Mars One is a non-profit organisation that has publicised its plans for sending people to the red planet in batches of four to establish a permanent colony there.
Thus, the organisers asked for volunteers and by last year almost a quarter million people from 107 countries had applied of which about a thousand (including 62 Indians) were shortlisted for the uber-risky, seven-month-long one way trip.
Risky because the entirely untried enterprise absolutely seethes with unknown dangers and the vanguard crew could simply perish on the way itself. The planet too is utterly inhospitable to life with no breathable air or easily accessible water and totally lacking in vegetation or other potential food.
Besides, the place is constantly battered by lethal radiation while the temperature can drop to a marrow freezing -100 degrees Celsius.

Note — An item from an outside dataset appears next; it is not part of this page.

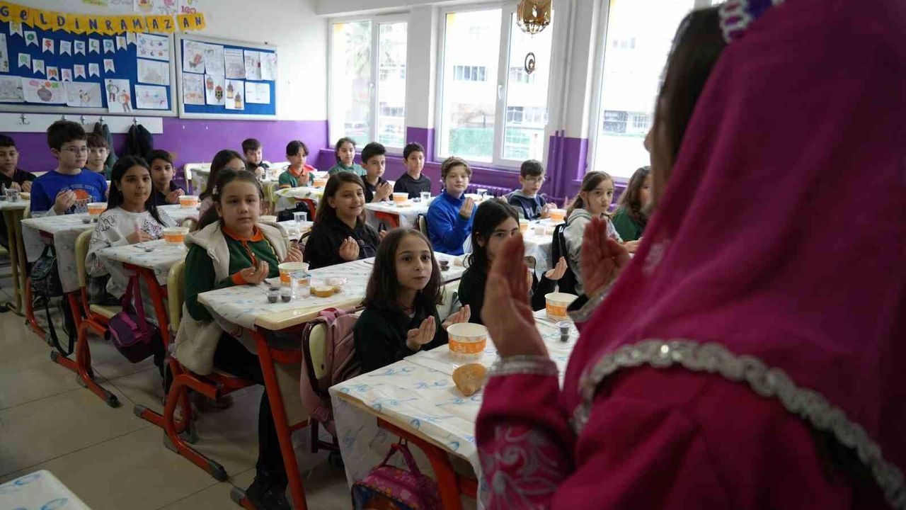 Samsun'da İlkadım İlkokulu öğrencileri, 'Maarifin Kalbinde Ramazan' etkinliği kapsamında 'tekne orucu' tutmanın mutluluğunu yaşadı.

Yet a selected thousand people are perfectly willing to undertake this obviously suicidal mission, forsaking family, friends and home forever to live on an unforgiving planet some 200 million kilometres away where even a completely treatable condition like appendicitis would result in certain death.
What kind of person does this?
In a sense such a person has to be a spiritual atheist of a wholly different kind who probably requires no pull of any earthly creed to keep tugging and tying him or her down. A person who perhaps believes that something greater is not up or out there but inside which ultimately has to be actualised or it would make no sense.
As one 70-year-old said in his application video: “To die on an alien planet — who could ask for more?” Who indeed.